Federal courts are of limited jurisdiction. Lowdermilk v. U.S. Bank Nat'l Ass'n, 479 F.3d 994, 997 (9th Cir. 2007). Federal courts possess only that power authorized by the Constitution or a statute: cases involving diversity of citizenship, a federal question, or a case to which the United States is a party. See Bender v. Williamsport Area Sch. Dist., 475 U.S. 534, 541 (1986). "Federal courts are presumptively without jurisdiction over civil actions and the burden of establishing the contrary rests upon the party asserting jurisdiction." Navarro v. UCSD School of Medicine, 2012 WL 4848977, at *1 (S.D. Cal. Oct. 11, 2012) (citing Kokkonen v. Guardian Life Ins. Co. of America, 511 U.S. 375, 377 (1994)).
2. Plaintiff's Allegations
Plaintiff generally alleges that Defendants illegally entered his storage unit and sold his property without his consent. See Doc. No. 1 at 4. Additionally, Defendants "prohibit[ed] [Plaintiff] from eating or drinking or taking [his] medication" while working in his storage unit. See id. Defendants then "ceased [sic] my property, and prevented me from accessing my medication which was stored at their facility, and finally they sold my I90 and other immigration papers which are property of [the] federal government." Id. The items in Plaintiff's storage unit are worth "over $10 million in value to [Plaintiff]." Id. Plaintiff also alleges Defendants violated the "Federal disability Act by not providing [him] with accommodation saw [sic] in that Act, but barring me to eat or take medication and water while I work on my storage in their facility and prohibiting me from resting in my private car while on their premise[.]" Id. at 12.
3. Analysis
a. Diversity Jurisdiction
Plaintiff indicates that the Court has jurisdiction over this action on the basis of diversity jurisdiction. See Doc. No. 1 at 3. The Court, however, finds that Plaintiff fails to meet his burden of establishing that diversity jurisdiction exists. Pursuant to Title 28 of the United States Code, section 1332(a)(1), a federal district court has jurisdiction over "all actions where the matter in controversy exceeds the sum or value of $75,000, exclusive of interest and costs," and the dispute is between citizens of different states or citizens of a state and citizens or subjects of a foreign state. 28 U.S.C. § 1332(a)(1)-(2). The Supreme Court has interpreted § 1332 to require "complete diversity of citizenship," meaning each plaintiff must be diverse from each defendant. Caterpillar Inc. v. Lewis, 519 U.S. 61, 67-68 (1996).
Here, the Court is unable to determine whether the parties are diverse for purposes of diversity jurisdiction. Plaintiff asserts that he is a citizen of Iran, while Plaintiff alleges that Brian Berg and Public Storage Inc. are citizens of California. See Doc. No. 1 at 3-4. In his motion to proceed IFP, however, Plaintiff states "San Diego, California, USA" is the city and state of his legal residence. Doc. No. 3 at 5. Additionally, Plaintiff alleges that Defendants sold his "immigration documents." Doc. No. 1 at 11. Given these discrepancies, the Court is unable to determine whether Plaintiff has been lawfully admitted for permanent residence in the United States. See 28 U.S.C. § 1332(a)(2) (noting that district courts "shall not have original jurisdiction under [§ 1332(a)(2)] of an action between citizens of a State and citizens or subjects of a foreign state who are lawfully admitted for permanent residence in the United States and are domiciled in the same State[.]"). Moreover, Plaintiff fails to address the citizenship of defendant PSCC Inc. altogether.

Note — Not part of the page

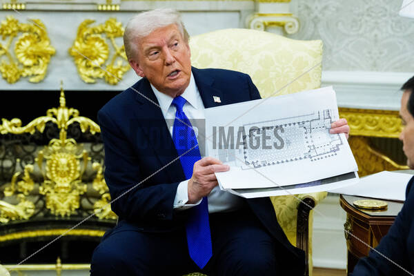 United States President Donald J Trump holds a mockup of the White House ballroom, as he meets Mark Rutte, Secretary General of the North Atlantic Treaty Organization (NATO) in the Oval Office of the White House in Washington, DC, USA, on Wednesday, October 22, 2025. The leaders are meeting to discuss continuing support for Ukraine.

Further, the Court is not persuaded that Plaintiff's Complaint satisfies the amount in controversy requirement. Plaintiff indicates that the amount in controversy exceeds $75,000 because the items in his storage unit "are over $10 million to me." Doc. No. 1 at 4. Additionally, Plaintiff alleges that Defendants "contributed to stress which led to my hospitalization with medical bill[s]" totaling "over $250,000[.]" Id. at 5. Plaintiff's allegations, however, do not include any facts from which the Court may draw a plausible inference that the total amount of damages exceeds $75,000. Accordingly, the Court finds that Plaintiff has not met his burden of establishing that the Court has diversity jurisdiction over this action. See Kokkonen, 511 U.S. at 377 (noting that courts must presume a lack of jurisdiction until the plaintiff sufficiently pleads otherwise). As such, the Court proceeds to determine whether the Court has federal question jurisdiction over this action.
b. Federal Question Jurisdiction
On page 12 of his Complaint, Plaintiff summarily asserts that Defendants violated the "Federal disability Act by not providing me with accommodation saw [sic] in that Act, but barring me to eat or take medication and water while I work on my storage in their facility and prohibiting me from resting in my private car while on their premise. . ." Doc. No. 1 at 12.
Here, in construing Plaintiff's allegations liberally, the Court presumes Plaintiff seeks to assert a cause of action under the Americans with Disabilities Act ("ADA"). Congress enacted the ADA "to provide clear, strong, consistent, enforceable standards addressing discrimination against individuals with disabilities." 42 U.S.C. § 12101(b)(2). As such, assuming Plaintiff has sufficiently demonstrated that the Court has jurisdiction on the basis of federal question, the Court proceeds to sua sponte screen Plaintiff's ADA claim pursuant to 28 U.S.C. § 1915.
c. 28 U.S.C. § 1915(e)(2)(B) Screening
Upon review of Plaintiff's allegations in support of his "Federal disability Act" claim, the Court finds that Plaintiff fails to state a claim upon which relief may be granted. See 28 U.S.C. § 1915(e)(2)(B) (noting that when a plaintiff proceeds IFP, the complaint is subject to mandatory screening and the Court must order the sua sponte dismissal of any case it finds fails to state a claim for relief).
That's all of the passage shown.